A nora, esse engenho de outrora vindo das arábias, desse povo de coisas sábias
ligadas às matemáticas e à exploração da água de beber e de rega, escondida nas profundezas da terra. Assim o aprendi e assim ensinei com muita simpatia pela inteligência na luta dos povos pela sobrevivência. Um poço aberto num areal, aberto num descampado, dentro ou fora de Portugal, uma roda munida de alcatruzes (é isso que eu sei) não havia deserto que esse povo, arredado das cruzes, deixasse por esventrar e trazer à superfície o líquido que rega e mata a sede. Que dá vida, antónimo de morte. E quem me impede de ler poesia naquela vida dura de burro, de burra ou de camelo, sempre à roda do poço, de coleira metida no pescoço e a geringonça que encanta adulto e criança, no seu monocórdico "chiu...chiã...chiu...chiã", desde manhã cedo à noite escura, quem vai sabê-lo, se chora, se canta? Chiu...chiã...chiu...chiã...

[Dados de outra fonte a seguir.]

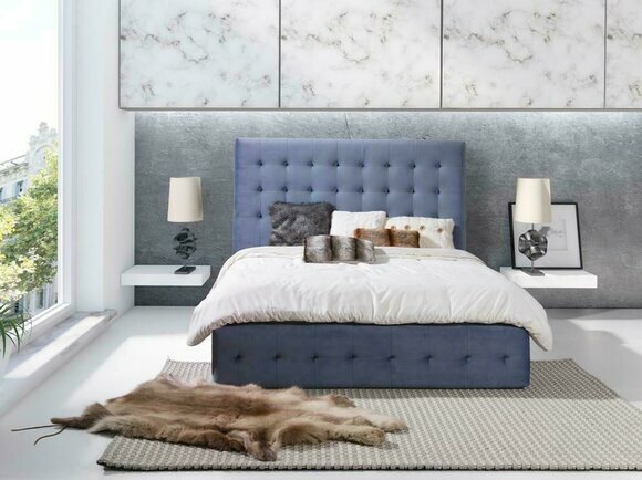 Klassisches Bettgestell mit blauem Polster, ideal für ein luxuriöses Bettdesign im Hotel. Das Gestell ist aus hochwertigem Textil gefertigt und bietet ausreichend Platz für Doppelbetten. Die Maße sind individuell wählbar, mit einer Matratzenaufliegefläche von ca. 140/160/180/200 x 200 cm oder 160 x 200 cm (Bettmaß ca. 181 x 223 x 138 cm). Die Länge beträgt ca. 223 cm, die Höhe ca. 138 cm und die Tiefe ca. 181 cm. Optional sind im Shop eine Matratze für 299 Euro, ein Lattenrost für 119 Euro und ein Hebesystem mit Bettkasten für 499 Euro erhältlich. Die Farbe des Gestells kann frei gewählt werden und das Material ist Premium Kunstleder oder Stoff aus verschiedenen Gruppen.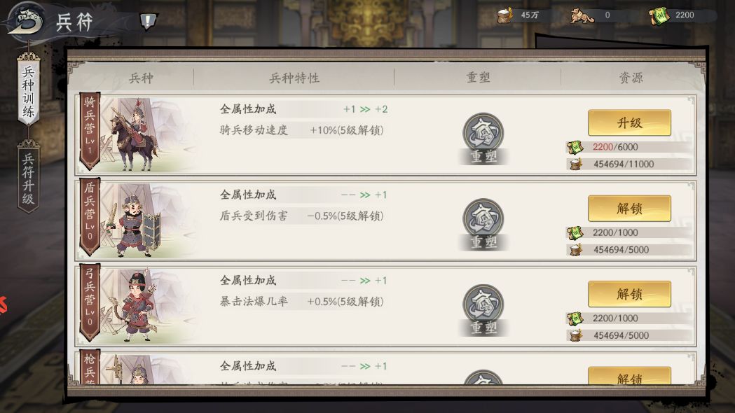 兵种训练共有5个兵种类型,分别为骑兵营、盾兵营、弓兵营、枪兵营、器械营。道友可以使用训练点,消耗资源对兵种进行升级训练,强化部队属性。兵种训练升级达到特定等级,还能解锁兵种特殊能力。

No Alentejo havia noras e poços espalhados pelos montes. A água não gorgolejava livre e cantante das fontes, como aqui no norte. Um balde preso à ponta de uma corda, sempre ali ao lado, convidava o viandante, o caçador, o criado e o senhor sedentos a servirem-se. Eu me servi. E lá como cá (que ousadia minha) sempre que bebo água, bebo poesia.

(Publicado no Facebook em 3 de setembro de 2014)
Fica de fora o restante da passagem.